◆ Your instructions ◆
In this exercise, retype exactly and only the lines from the top of the entries below through the line that holds "Στην πλατεία Αριστοτέλους", omitting pictures.

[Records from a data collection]
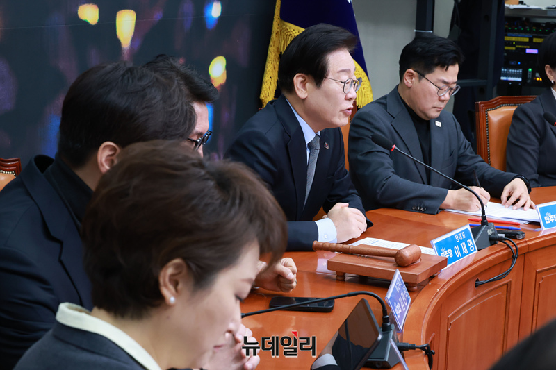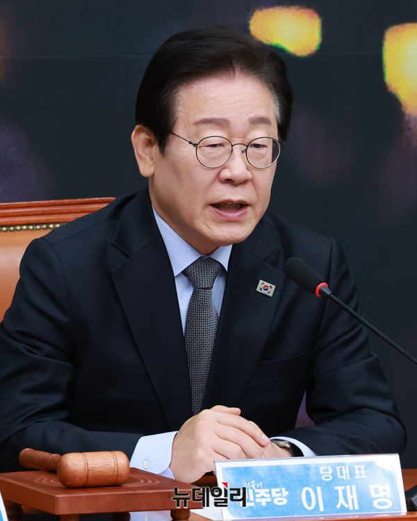 이재명 더불어민주당 대표가 8일 오전 국회에서 열린 최고위원회의에 참석해 모두발언을 하고 있다.
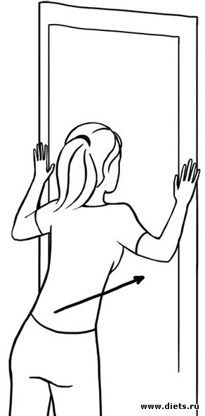 Во всех упражнениях, в положении стоя, сидя в обычной жизни старайтесь держать лопатки сведенными и опущенными, то есть воображаемая точка, в которую собирается напряжение - нижняя часть грудного отдела. Можно представить, что вас затянули в тугой корсет, который тянет ваши плечи и лопатки назад и вниз. А вот воротниковая зона должна быть максимально расслаблена. Подбородок перпендикулярен шее. Старайтесь никогда не закидывать голову назад, даже в бытовых ситуациях. Особенно резко - шея и поясница - очень нежные. Нам нужна их стабильность, а не гибкость. Гибкость нужна грудному отделу позвоночника.
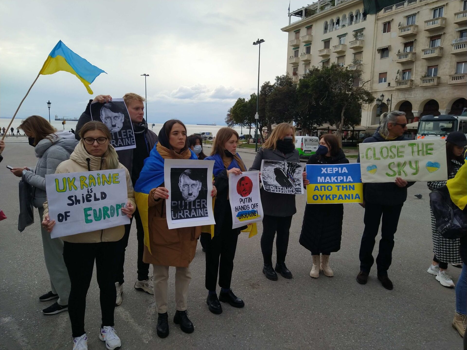 Στην πλατεία Αριστοτέλους συγκεντρώθηκαν το μεσημέρι της Δευτέρας δεκάδες Ουκρανοί που διαμένουν στη Θεσσαλονίκη.
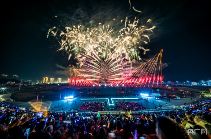 焰火在夜空中绚烂绽放(央广网发 刘秋雨 摄) 晚会紧扣“花开上栗·福启新春”主线,将歌舞、民乐演奏与焰火表演穿插融合。《迎财纳福》《百球闹春》《千年礼韵》《万家烟火》四大焰火篇章次第展开,与文艺节目共同勾勒出上栗花炮文化与中华传统年文化交相辉映的画卷。序幕焰火呼应迎财神民俗,也是对花炮祖师的追忆;第二篇章以礼花弹铺陈开年气象,延续着上栗人世代相传的手艺;《千年礼韵》通过多层次高空焰火,向花炮匠人的坚守致敬;终章《万家烟火》则以满天星雨传递团圆之意,让千年非遗在新时代绽放新的光彩。 “第一次在家门口看到这么高规格的焰火秀,特别震撼,年味一下子就拉满了。”从长沙返乡过年的李思帆女士感叹。专程从萍乡市区赶来的游客黄鑫则认为:“这不仅是烟花表演,更像在讲述上栗的星空故事,既有历史底蕴,又彰显产业自信。”
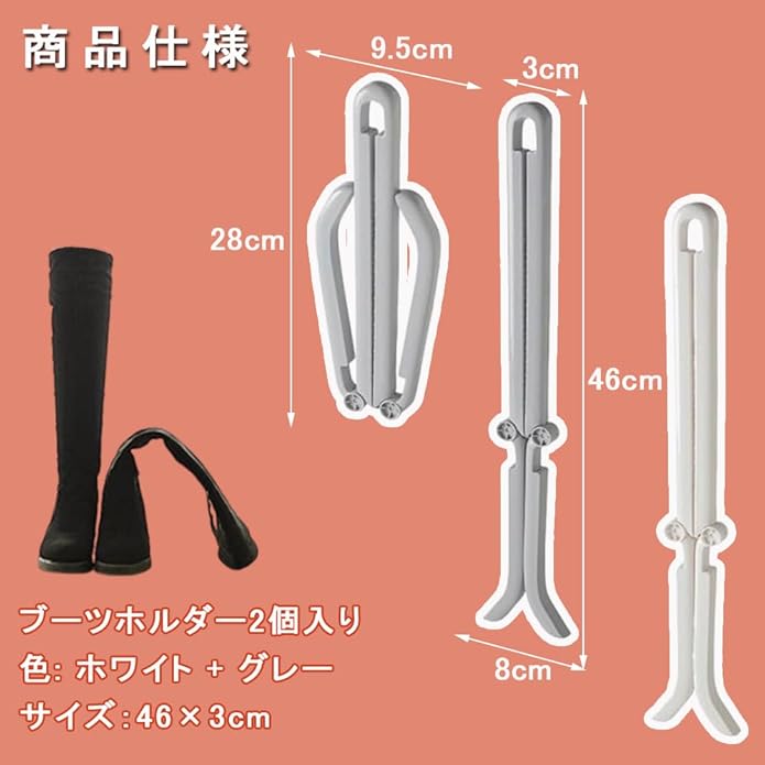 [KALOLINNA] ブーツキーパー クリップ 靴 ブーツ形状リテーナー 2個セット ブーツスタンド 折りたたみ式 変形防止 消臭 ロングブーツ 長靴 ブーツシェイパー ブーツ収納ホルダー 長さ46cm
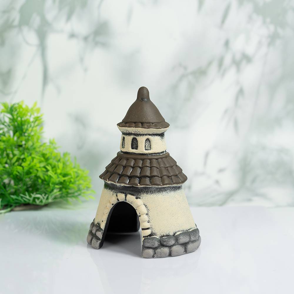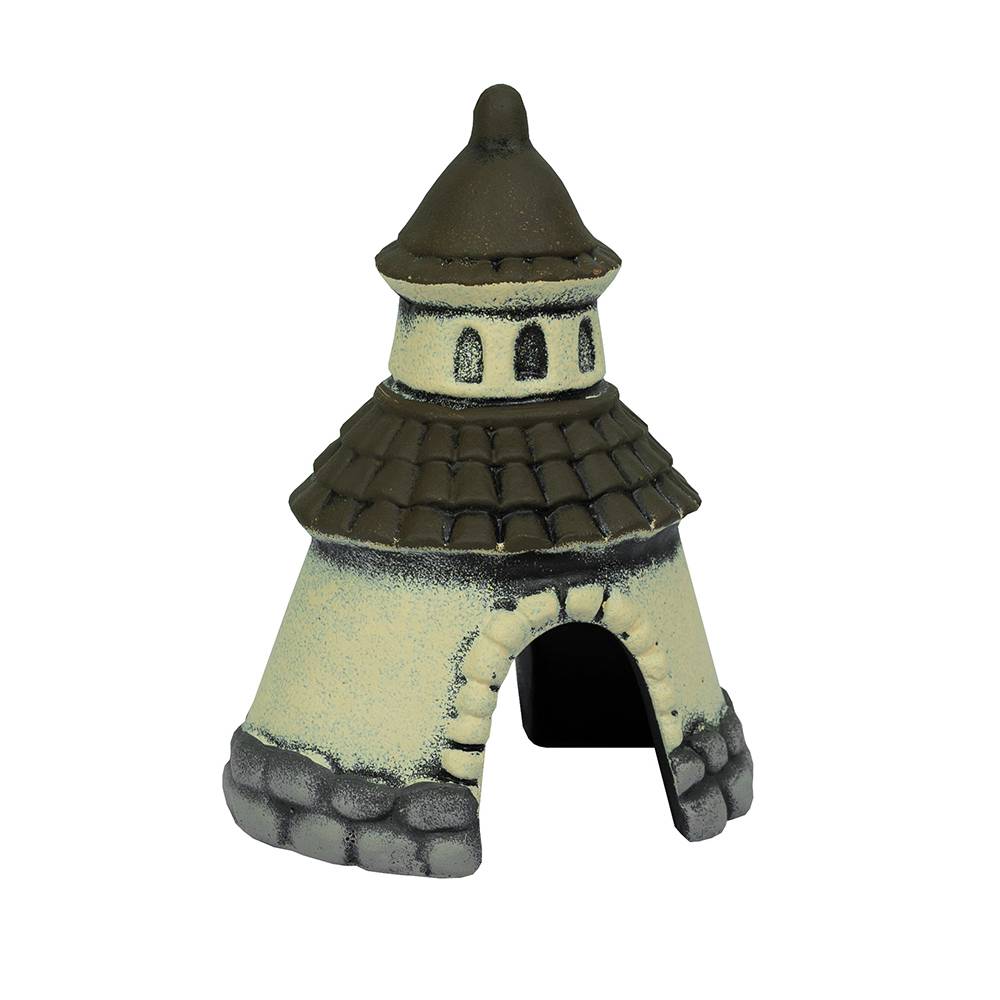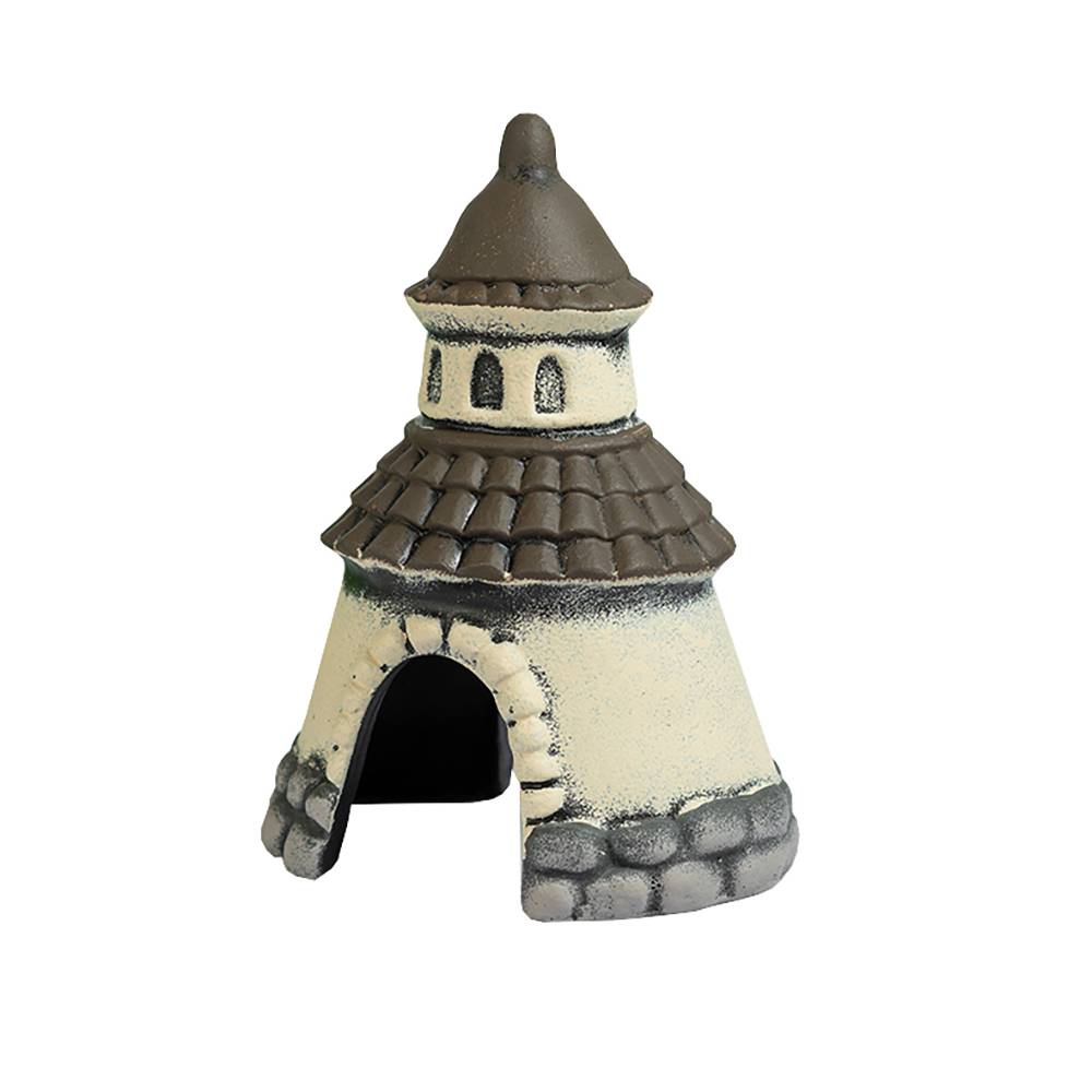 - Грот в форме замка подойдёт для аквариума любого размера.
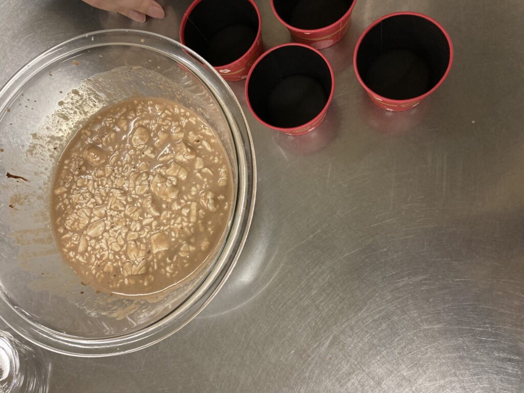 火と油と水を使用しないで、電子レンジや工夫をして野菜たっぷりカレーとチョコレートムースを作成しました。
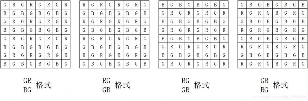 对于不同的sensor,在其内部形成的rawRGB数据格式也是有区别的。rawRGB数据排列格式有四种如下表(这里的格式是对于2*2像素矩阵而言的):
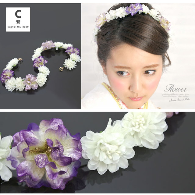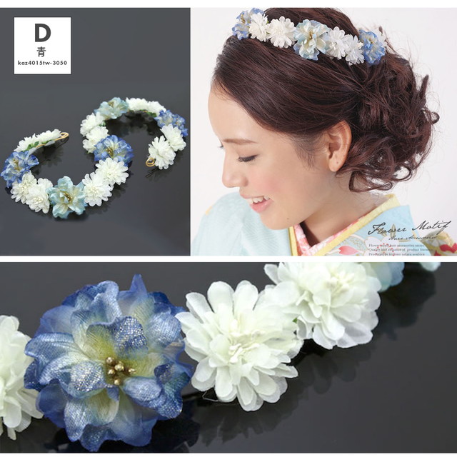 成人式 髪飾り 成人式の髪飾り 振袖向け 浴衣向け 七五三 結婚式 赤 ピンク 青 紫 黄色 花冠 花かんむり カチューシャタイプ フラワークラウン ワイヤー 髪留め 髪かざり 振り袖 ヘアアクセサリー 和装
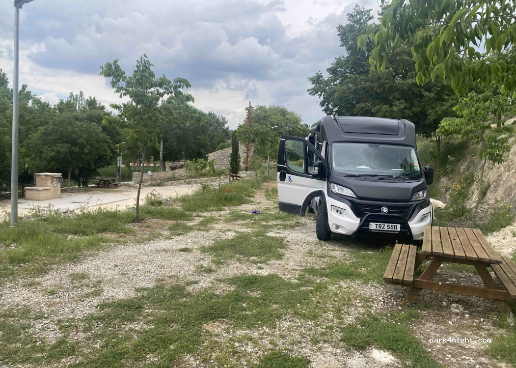 Nous y avons passé la nuit du 26 septembre. Endroit très calme, 3 possibilités pour se garer en restanque, avec une pente d'accessibilité plus importante sur la dernière. Les services y sont et surtout très propre. N'hésitez pas à vous diriger vers le village (bar près de l'église pharmacie etc..), et de monter vers la tour située tout en haut de la col line avec un panorama assez sympathique.
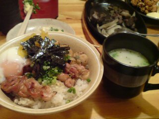 みんなが卵かけご飯を頼むと言うわけだけど、リカは生卵はちょっと・・・ってわけで、鶏丼を頼む。ネギマ、つくね・・・ってやたらと多すぎ!!!この時点でもうすでに、お腹がはじけてしまいそうなのに。横のスープはピカコさんが「コラーゲンたっぷりスープたのもう!!!」って言ったので、頼んでみた。

◆ Finished task ◆
 이재명 더불어민주당 대표가 8일 오전 국회에서 열린 최고위원회의에 참석해 모두발언을 하고 있다.
 Во всех упражнениях, в положении стоя, сидя в обычной жизни старайтесь держать лопатки сведенными и опущенными, то есть воображаемая точка, в которую собирается напряжение - нижняя часть грудного отдела. Можно представить, что вас затянули в тугой корсет, который тянет ваши плечи и лопатки назад и вниз. А вот воротниковая зона должна быть максимально расслаблена. Подбородок перпендикулярен шее. Старайтесь никогда не закидывать голову назад, даже в бытовых ситуациях. Особенно резко - шея и поясница - очень нежные. Нам нужна их стабильность, а не гибкость. Гибкость нужна грудному отделу позвоночника.
 Στην πλατεία Αριστοτέλους συγκεντρώθηκαν το μεσημέρι της Δευτέρας δεκάδες Ουκρανοί που διαμένουν στη Θεσσαλονίκη.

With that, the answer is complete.